Another important feature of Cartesi Compute's Logger Service corresponds to the possibility of using the [InterPlanetary File System (IPFS)](https://ipfs.io/) to allow Cartesi Machines to use large input drives without necessarily having to submit the data to the blockchain. This can be configured by specifying the following Drive field:

- **`loggerIpfsPath`** identifies an object path in IPFS that remotely stores the same data identified by `loggerRootHash`.

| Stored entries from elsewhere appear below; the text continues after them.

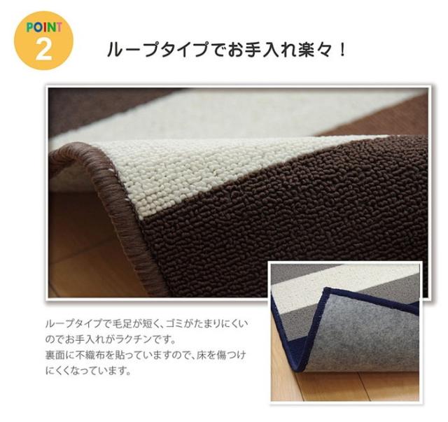 販売実績3万枚の人気デスクカーペット。子供が成長しても使いやすいカラー展開で長くお使いいただけます。デザインもシンプルなボーダー柄で使いやすく、大人のテレワーク用デスクの下にも敷けます。裏面は不織布だから学習机や椅子の移動も安心。床の傷防止には必要なアイテムです。表面はループタイプで毛足が短いからゴミもたまりにくくお手入れも簡単。またポリプロピレン糸を使用しているから摩擦に強く、毛玉が出にくいのも特徴です。厚みは5mmと薄いため、椅子の移動やお子様が歩く際もつまずきにくくお掃除ロボットも上り下りできるためお掃除もラクラクです。ルームマットとしてキッズルームやベッドサイドにもお使いいただけます。大きいサイズは2人用のダイニングカーペットとしてもお使いいただけます。丸巻きタイプでお届けしているため、折りシワの心配もなくキレイに敷くことがで
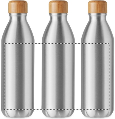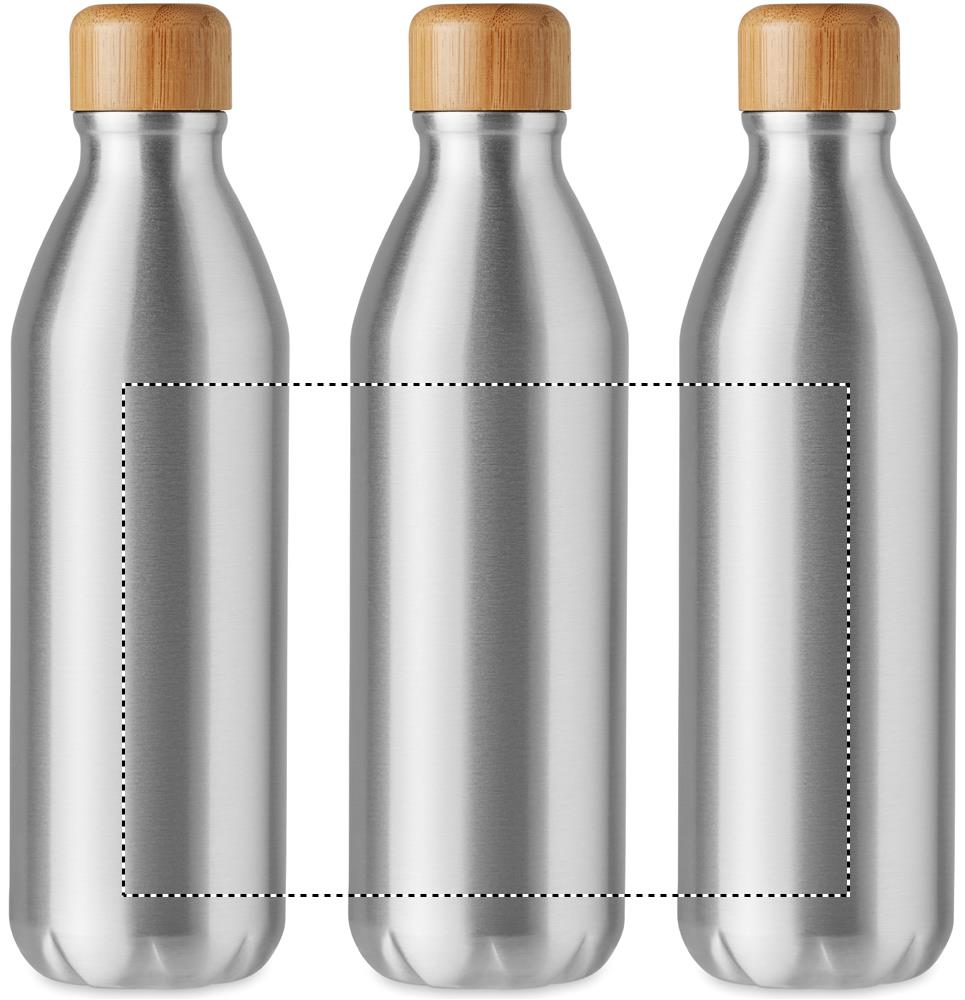 Single wall Aluminium bottle with bamboo. Capacity: 550 ml. Bamboo is a natural product, there may be slight variations in colour and size per item, which can affect the final decoration outcome.
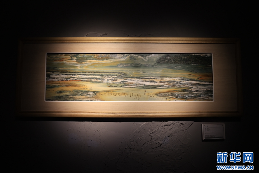 大理石方志馆展出的大理石画(摄于4月3日)。(新华网 赵普凡 摄)
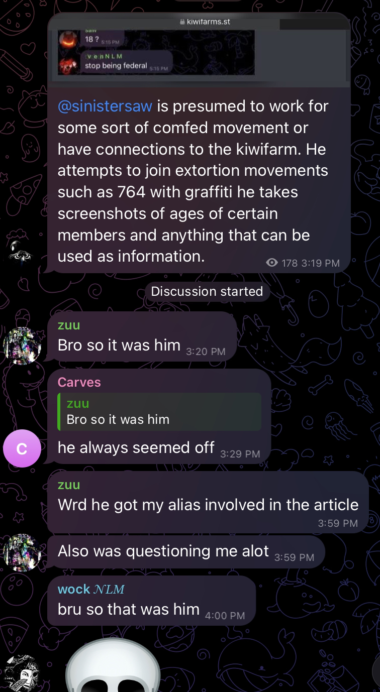>>15693870literally nobaldi in the thread has any fucking clue what youre talking about because youre posting random mugshots and screenshots of telegram groups. why should we care about any of this
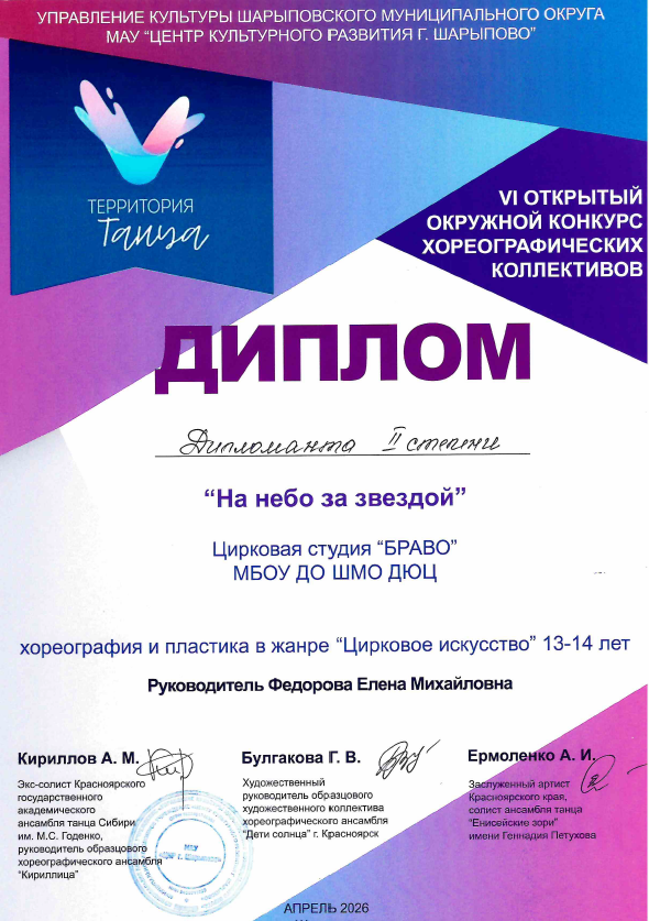 🥈 Номер «На небо за звездой» — дипломант 2-й степени.
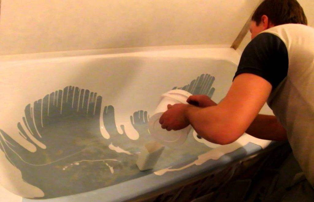 - Акриловые эмали наносят способом налива – приготовленный рабочий состав выливают на горизонтальные бортики ванной, откуда он равномерным слоем растекается по стенкам и дну чаши
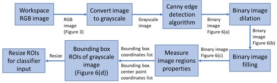 The major parts of the object (component) detection process are highlighted in Figure 5. Various image processing algorithms are applied to extract ROIs containing unclassified objects. Figure 6 shows representative images of the various stages of the object detection process.
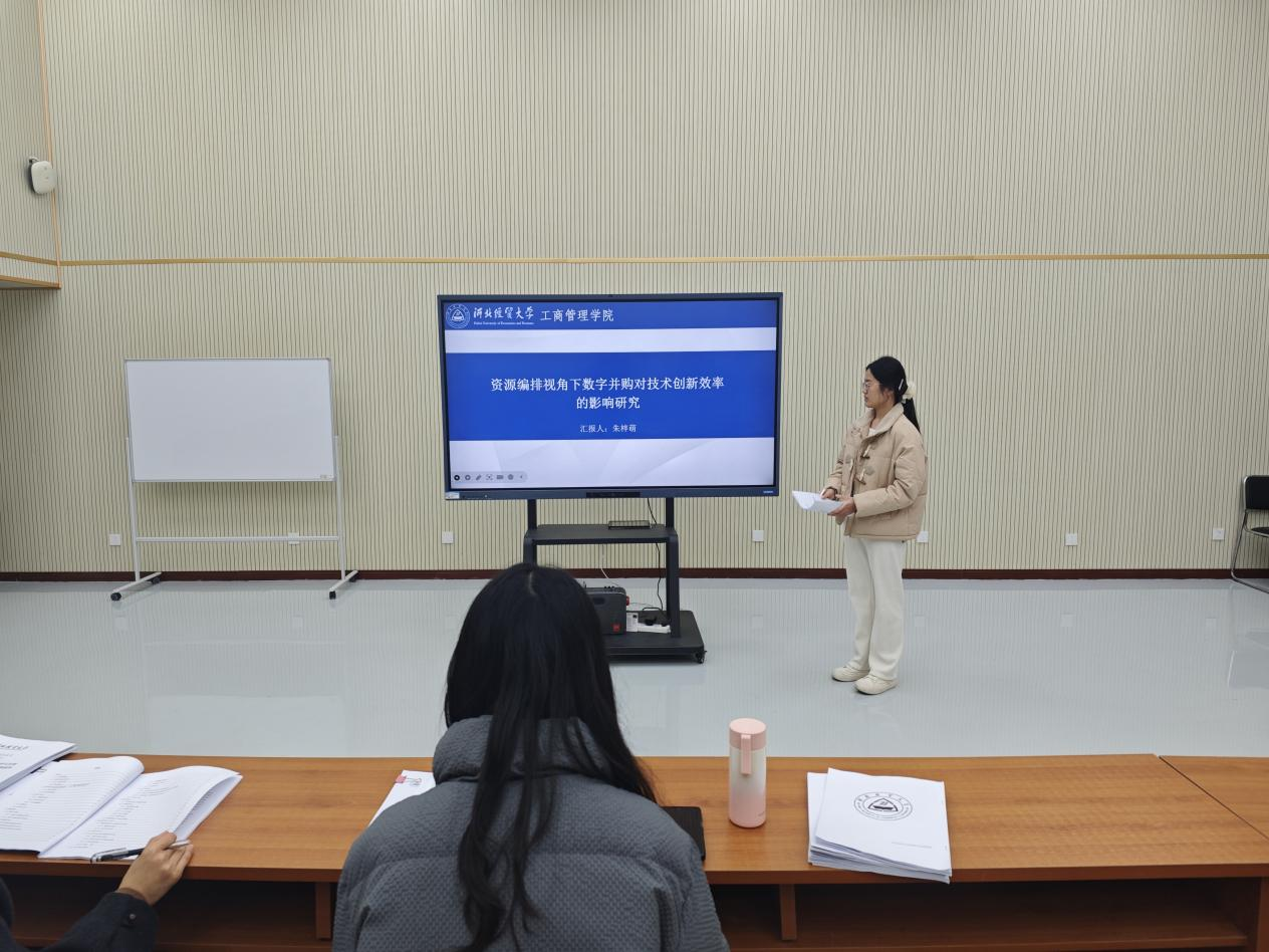 汇报人朱梓萌以“资源编排视角下数字并购对技术创新效率的影响研究”为题,以制造业企业为研究样本,研究了数字并购对企业技术创新效率的影响,并从资源编排视角对资源配置效率、技术协同能力、数字化水平三个中介作用机制进行了研究,为理解数字并购在提升企业技术创新效率中的作用提供了实证依据。
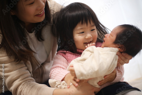 赤ちゃんをあやす親子
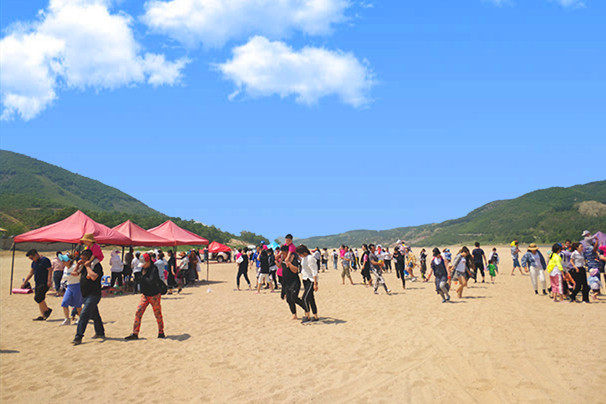 金沙谷风景区位于辽宁省丹东东港市黑沟镇大洋河棋盘地,有着“辽东小桂林”的称号,沙滩绵长柔软,水质纯净,淤积少、风和日暖,沙滩杂质少,在这里参加露营活动,可以尽情享受到天然的淡水沙滩美景。沙滩上面林木茂盛,树下绿荫,避暑休闲。平缓宽阔的沙滩,组织撕名牌游戏再适合不过。这里有跑马场,价格便宜,我们可以借机尝试纵马扬鞭的感觉。到了夜晚,清风徐徐,在沙滩烧烤,喝啤酒可谓是爽到极致。当清晨的阳光将你唤醒,你便可沿着大洋河的万米沙滩,欣赏朝阳下的柔美风景,这是一条比较经典的风景线。丰富旅游资源 犹如仙境般景色 世旅游爱好者绝佳首选之地!
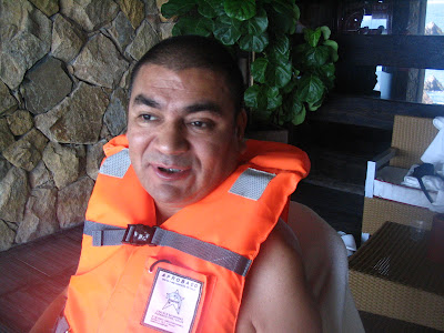 1.-Juan flotando de espaldas con ayuda de un chaleco flotador (se los recomiendo) con parte de sus rodillas en semiflexiòn fuera del agua .
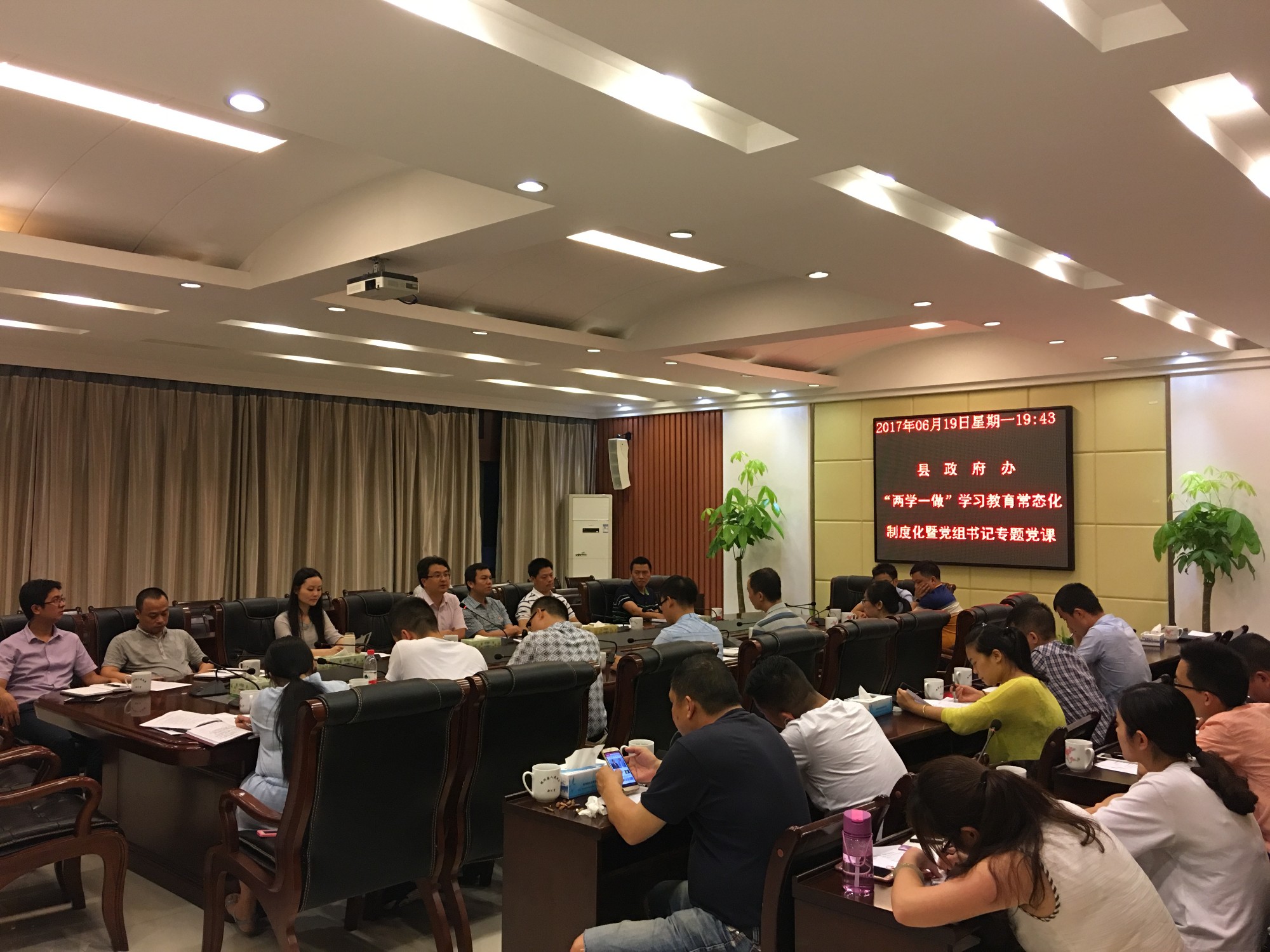 6月19日晚,县政府办党组书记谭伟军给机关党支部上党课,深入推动“两学一做”学习教育常态化制度化。
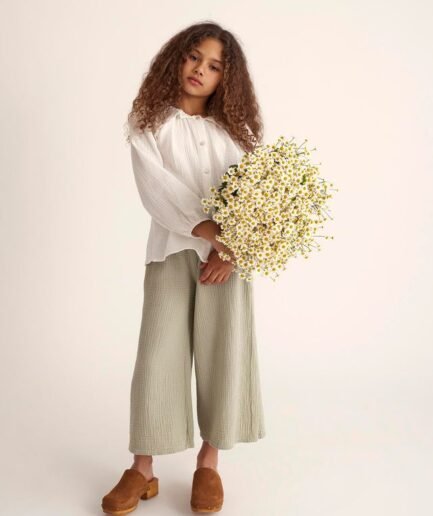 أضيفي لمسة من الراحة والأناقة لخزانة صغيرك مع البنطال الواسع من الشاش الناعم.
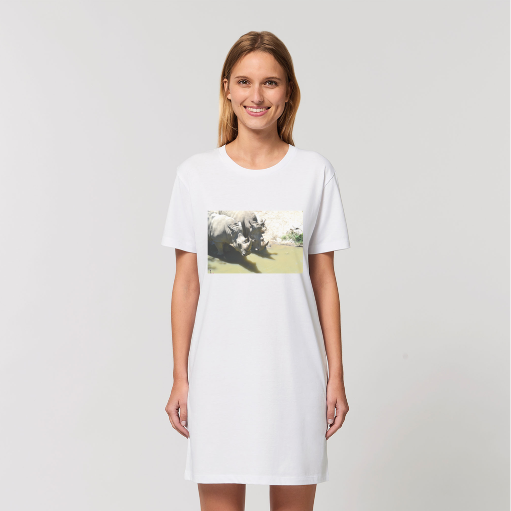 Your Rhinos Organic T-Shirt Dress will be printed with love and securely packed for shipping. We aim to deliver your order within 3 to 5 business days, allowing you to enjoy your new favorite dress without long waiting times. Please note that the prints may appear larger than shown in mockups, and colors may vary slightly from what is displayed due to screen differences.
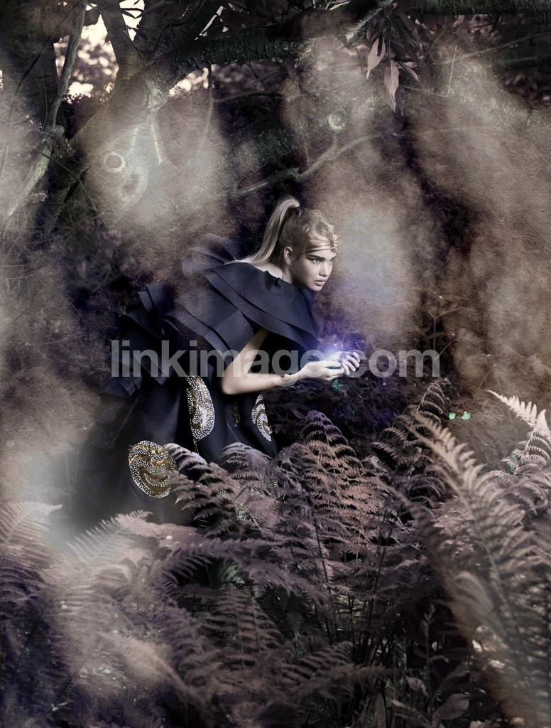 - fashion, girl, forest, fern, longhaired, dressed in black, crouched, dress, mystery, sneak, tax, hässvns, blonde
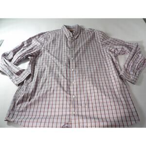 Duluth Trading Shirt 3XLT Wrinkle Fighter plaid Blue Orange Button Up Oxford Collared
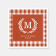 Red-Orange Gingham Monogram Crest Custom Napkin

Although IPFS is a decentralized storage framework, it is vital to understand that it cannot by itself offer the security guarantees necessary for validating an off-chain computation. This is known as the _data availability problem_, and basically boils down to the fact that with IPFS the on-chain code cannot ensure that all participating parties have proper access to the data. In other words, a malicious party could always simply remove access to the IPFS file and prevent other parties from performing a computation.

Cartesi Compute provides a solution to this problem by always providing the Logger Service as a _fallback_ mechanism. As such, if any party challenges the availability of IPFS-stored data, Cartesi Compute will notify the drive's provider node and ask it to submit it to the blockchain. Once the data is on-chain, there can no longer be any debate over its availability. If the provider node fails to upload the data, the computation will fail and the provider will be blamed. The dApp developer can decide about the appropriate consequences of a failure of this kind.

On the other hand, in the vast majority of cases in which the parties cooperate, the drive's contents will indeed be available on IPFS and all nodes will be capable of validating the computation with that data. This way, mass usage of large input drives for Cartesi Compute dApps becomes viable and cost-effective in practice, opening the door for a much wider range of applications.